I pity myself sometimes for not giving enough attention to minute details of a statement and also not worrying about lifting various conditions off a theorem. Recently I encountered a problem on stackexchange which asked if the function
\(f(x) = 2x-\lfloor\sin(x)\rfloor\)
had an antiderivative. I had an adrenalin rush and I immediately posted a comment:
Some properties of Riemann-Stieltje's integral may help us in answering this problem. Following are they
- If \(f(x)\) is a continuous function on \([a, b]\) except possibly at finitely many points, then \(f(x)\) is integrable on \([a,b]\), i.e. \(\int\limits_{a}^{b} f(x)\, dx\) exists.
-
If we define \(F(x)\) by
\(F(x) = \int\limits_{a}^xf(x)\, dx\)
for any \(x, a\leq x \leq b\), then \(F(x)\) is differentable on \([a,b]\) and that \(F^{\prime}(x) = f(x)\).

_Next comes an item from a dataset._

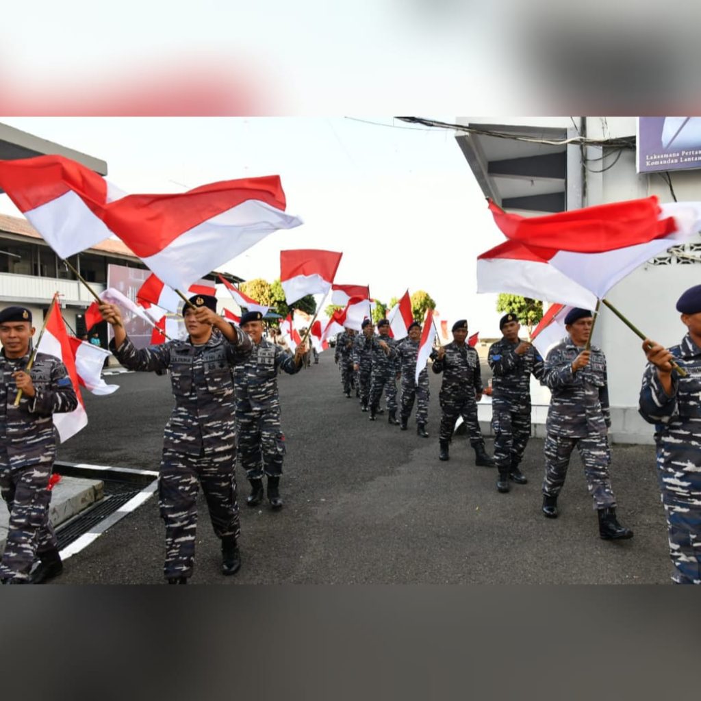 Komandan Lanal Sibolga Letkol Laut (P) Robiyanto, S.H., M.Tr. Hanla., memimpin Prajurit Benteng Samudra Perkasa Lanal Sibolga membagikan Bendera Merah Putih dengan ukuran sedang sebanyak 79 buah dan bendera kecil sebanyak 100 buah di depan Mako Lanal Sibolga, Jalan S. Parman, Ps. Belakang Sibolga Kota.

I did not give an answer in `Yes' or `No' although I had in my mind that the answer was a 'Yes'. But, one of the comments from another user (with good reputation) read - `No, as derivatives satisfy intermediate value theorem'. Although this comment was posted before that of mine, I hadn't considered it seriously. But, I soon got to thinking and started worrying about my deteriorating knowledge on integrals. What might be the reason for it - I asked myself. Probably, one reason that emereged out strongly was that I never had studied integrals with certain intermediary goals. Further, very little I asked myself questions such as what would have happenned if some condition was lifted off in a given statement. Was this because I was overjoyous upon understanding something or because I didn't want to take further risk, I do not know. I remember till today, I preferred Mathematics to any other subject because of the joy I got on understanding the Riemanninan view of integration.

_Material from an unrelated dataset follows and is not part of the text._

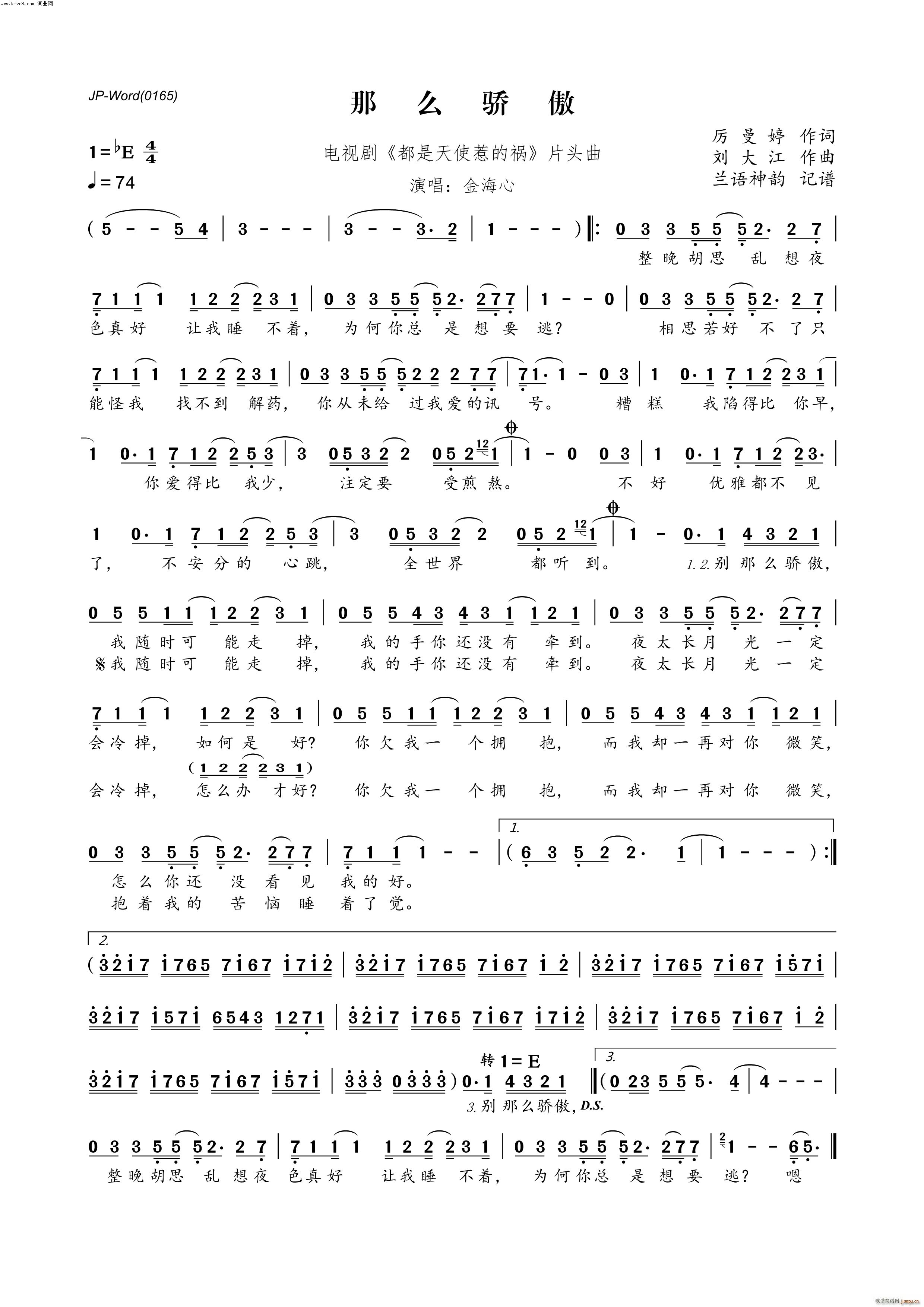 [十字及以上]那么骄傲(电视剧《都是天使惹的祸》片头曲) 金海心

I soon realized that I had made a mistake in the second statmenet. I had missed one condition on \(f\) - that continuity of \(f\). I remember, I never had asked myself the question - `does there exist a function \(f(x)\) discontinuous at some point in \([a,b]\), some closed interval such that if we define \(F(x)\) by
\(F(x) = \int\limits_{a}^x f(x)\, dx, \quad a\leq x\leq b\),
then, \(f(x)\) is not differentaible at some point in \([a,b]\)?' Had I asked this then, I might have had landed upon what was called Darboux's theorem on the intermediate property of derivatives, which I was not aware of till this day. The statement of Darboux's is as follows:
If \(f\) is differentiable on an interval \([a,b]\) and that \(y\) lies between \(f^{\prime}(a)\) and \(f^{\prime}(b)\), that is \(y \in (f^{\prime}(a), f^{\prime}(b))\), assuming that \(f^{\prime}(a) < f^{\prime}(b)\), then there exists \(c \in (a,b)\) such that
\(f^{\prime}(c) = y\).
Even if \(f^{\prime}\) isn't continuous, the intermediate property holds good for \(f^{\prime}\). The proof of this is very simple, as one can see in the wiki article. Simply define a new function \(\varphi(t) = f(t) - yt\) on \([a,b]\) and show that this function cannot attain maximum at \(a\) or \(b\) and hence must attain a maximum in \((a,b)\), say at \(c\) as \(\varphi\) is a continuous function on \([a,b]\). Then at \(c\), \(\varphi\) must have a zero derivative.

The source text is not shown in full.